***** Data to use

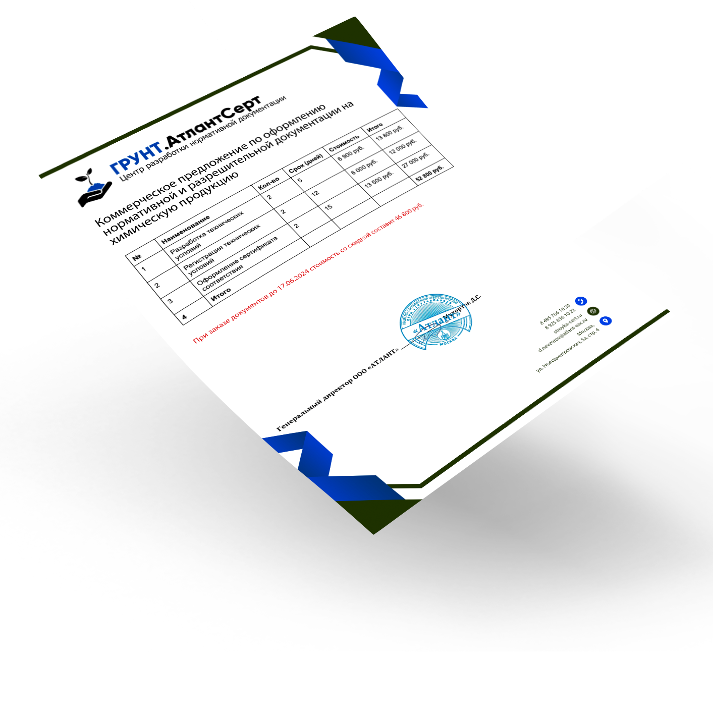 Это позволит в кратчайшие сроки получить любую разрешительную документацию на вашу продукцию
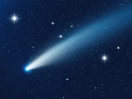 A comet with a dazzling tail stretching across the sky, the bright head illuminating stars in the background.
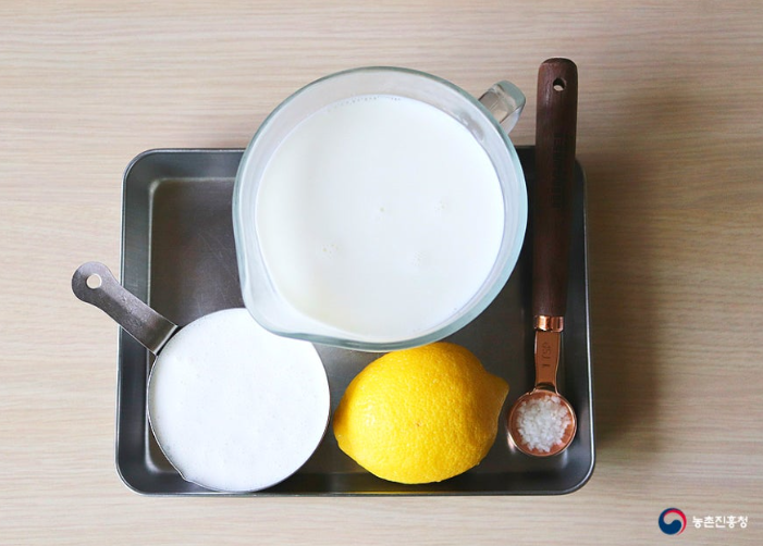 우유 2컵, 생크림 1컵, 레몬 1개, 소금 3/4작은술
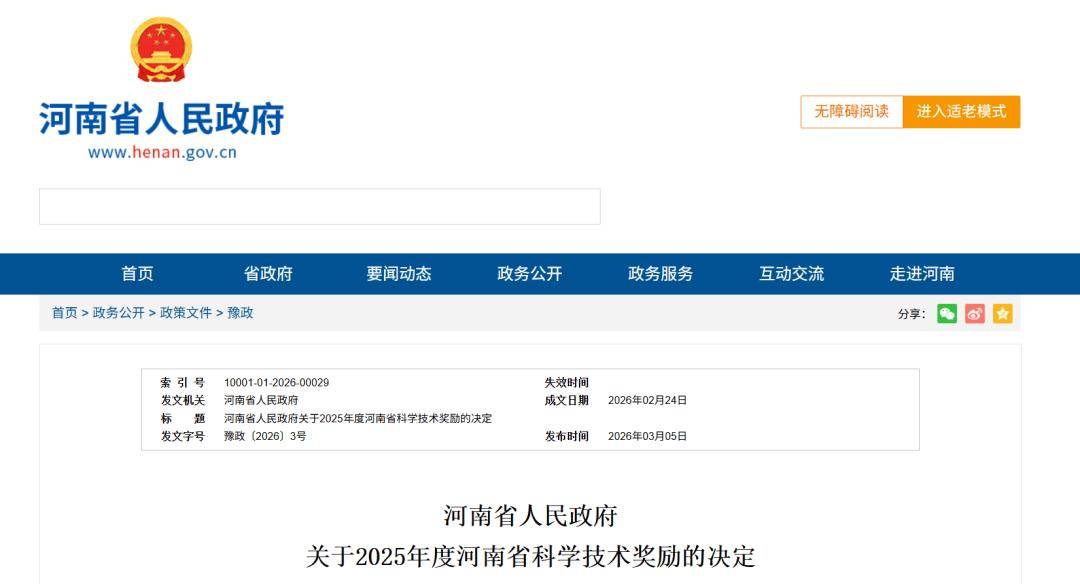 近日,河南省人民政府印发《关于2025年度河南省科学技术奖励的决定》,共评选出获奖项目(人选)309项(人),一批服务国家战略、支撑产业升级、保障粮食安全、彰显青年担当的科技成果脱颖而出。
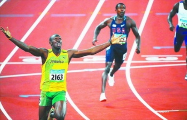 | 8月20日,牙买加选手博尔特(前)获胜后欢呼。当日,博尔特在北京奥运会男子200米决赛中,以19秒30的成绩夺冠并打破世界纪录。 本报记者 李景录摄 |
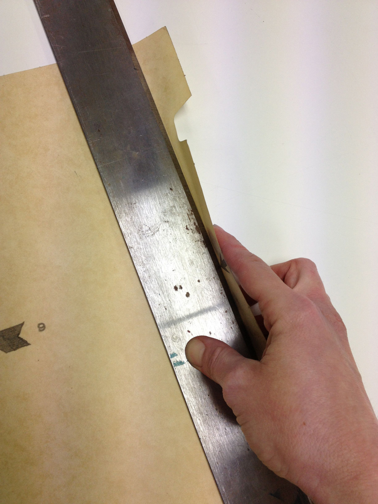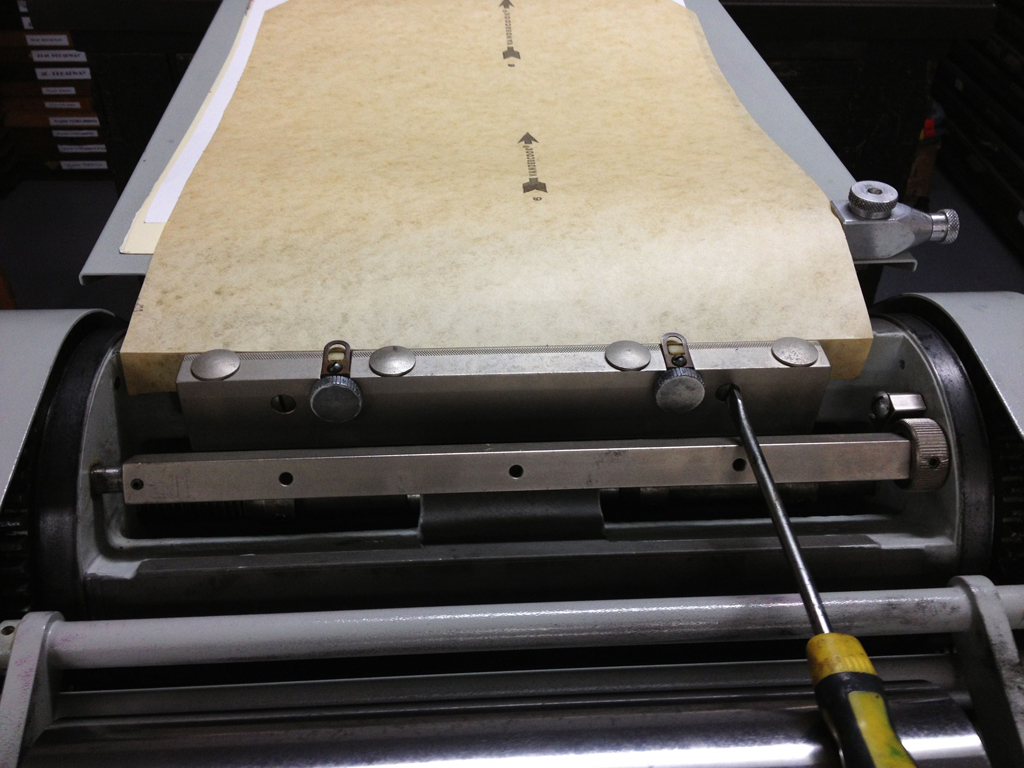 If you can’t find one, don’t panic! You just need to cut a drawsheet for yourself. The vandercook oiled sheets (above) are lovely, but you can make a drawsheet out of almost anything. Acetate makes a great drawsheet in a shared shop (it is durable and easy to clean when someone has printed on the packing by accident.) Use the old drawsheet as a template, and cut a new one out of the material that you choose.
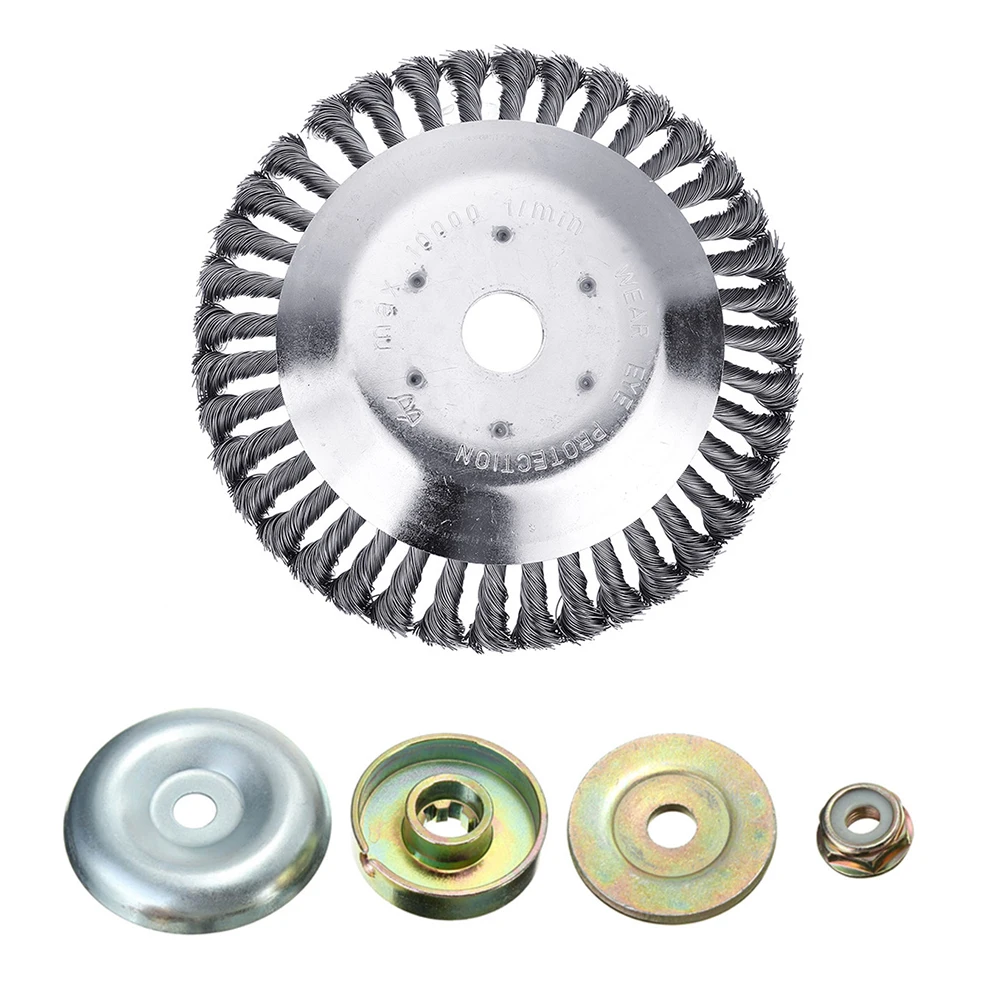 6/8 дюймовая стальная проволока диск садовая травка твист узел щетка газонокосилка трав Пожиратель триммер головка прополка резак инструменты сЗащитные чехлыХарактеристика:1. Изготовлен из высококачественной стальной проволоки, прочный.2. Эта стальная щетка в основном подходит для удаления заусенцев, удаления пыли, удаления оксида, очистки и полировки аксессуаров.3. Покрытие может улучшить качество металла и камня.4. Встроенная фиксирующая пластина для обеспечения целостности и безопасностиСпецификация:Товар: Новое проволочное колесо с травойМатериал: марганцевая стальная проволокаДиаметр: около 6 дюймов 150 мм, 8 дюймов 200 ммДиафрагма: 25,4 ммОснащен 4 рабочими головками для установкиИспользование: подходит для удаления сорняков, Моха, ржавчины и т. д.По сравнению со старой моделью, новая модель легче по весу, треугольник стальной проволоки зафиксирован, и он более стабильный.Примечание:В связи с различиями мониторов и эффектами освещения реальный цвет товара может немного отличаться от цвета на фотографиях. Спасибо!Возможны отклонения в 1-2 см вследствие измерений вручную.
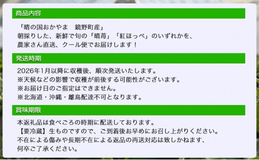 ・出荷時期:2026年1月下旬~3月下旬を予定しております。
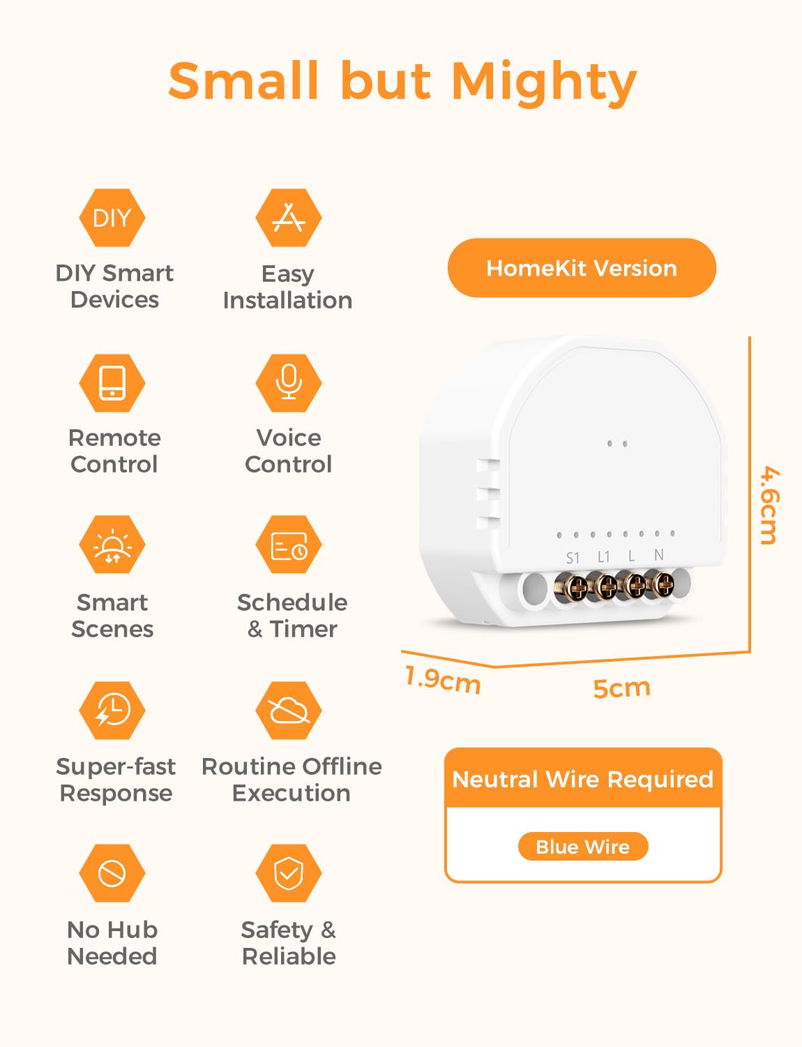 【Tamamo Pequeño, Fácil Instalación】 El interruptor Inteligente Wifi Tiene Un tamaño de 5,0 x 4,6 x 1,9 centímetro, y se pude Instalar fácilmento en Menos de 10 Minutos Sin Necesidad de Habilidadades téclasclas Complejas. (No se requiene el HUB, PERO SE REQUIERE UN CABLE NEUTRO para la Instalacia). ESTE interruptor de aparato ES Suitable Conferentes Tipos de Interruptores Unipolares. (Solo Puede Controlar Una Vía, El interruptor de los dos vías no hay funciones).

**********

Give again, exactly, the lines from the start of the data through the one holding "本报记者 李景录摄 |"; omit the pictures.

◆ Exercise result ◆
 Это позволит в кратчайшие сроки получить любую разрешительную документацию на вашу продукцию
 A comet with a dazzling tail stretching across the sky, the bright head illuminating stars in the background.
 우유 2컵, 생크림 1컵, 레몬 1개, 소금 3/4작은술
 近日,河南省人民政府印发《关于2025年度河南省科学技术奖励的决定》,共评选出获奖项目(人选)309项(人),一批服务国家战略、支撑产业升级、保障粮食安全、彰显青年担当的科技成果脱颖而出。
 | 8月20日,牙买加选手博尔特(前)获胜后欢呼。当日,博尔特在北京奥运会男子200米决赛中,以19秒30的成绩夺冠并打破世界纪录。 本报记者 李景录摄 |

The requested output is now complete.